→ Aim of the task
Write the listing below out again exactly, dropping the images.
++++ Raw data ++++
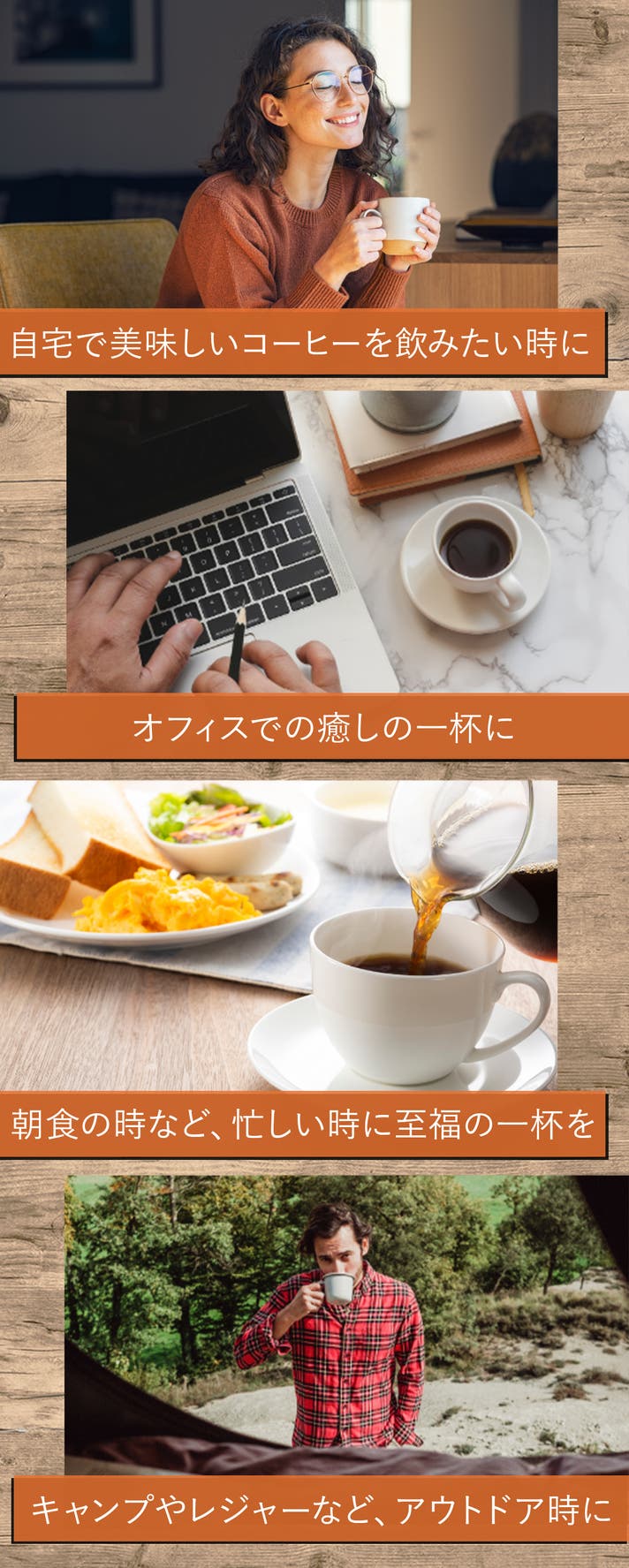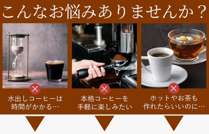 味の妥協や待ち時間によるストレスがなく、どんな場所でも満足のいくコールドブリューコーヒーが楽しめます!
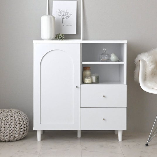 今回お届けするのはマントルピースのようなデザインが特徴のキャビネットです。曲線と直線の絶妙なバランスが心地よく、収納力もたっぷり。日用品など生活感のあるものも、おしゃれにすっきりと収められます。
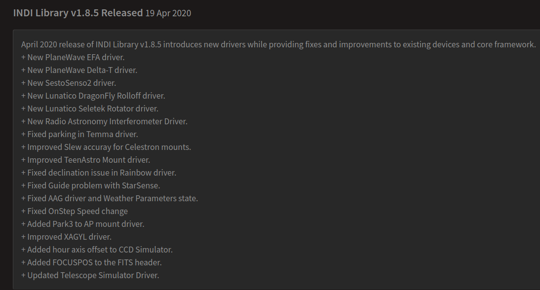 gehelem Posté 11 novembre 2019 Auteur Posté 11 novembre 2019 tiens, je l'ai loupée celle là... Allez zou, on va tester, la MTO s'y prête... http://knro.blogspot.com/2019/11/kstars-v337-released.html En même temps, j'ai vu passer une nouvelle version de la partie serveur+driver qui est passée en 1.8.2 mais on dirait bien qu'elle a disparu ??
++++
→ Solution to this exercise
 味の妥協や待ち時間によるストレスがなく、どんな場所でも満足のいくコールドブリューコーヒーが楽しめます!
 今回お届けするのはマントルピースのようなデザインが特徴のキャビネットです。曲線と直線の絶妙なバランスが心地よく、収納力もたっぷり。日用品など生活感のあるものも、おしゃれにすっきりと収められます。
 gehelem Posté 11 novembre 2019 Auteur Posté 11 novembre 2019 tiens, je l'ai loupée celle là... Allez zou, on va tester, la MTO s'y prête... http://knro.blogspot.com/2019/11/kstars-v337-released.html En même temps, j'ai vu passer une nouvelle version de la partie serveur+driver qui est passée en 1.8.2 mais on dirait bien qu'elle a disparu ??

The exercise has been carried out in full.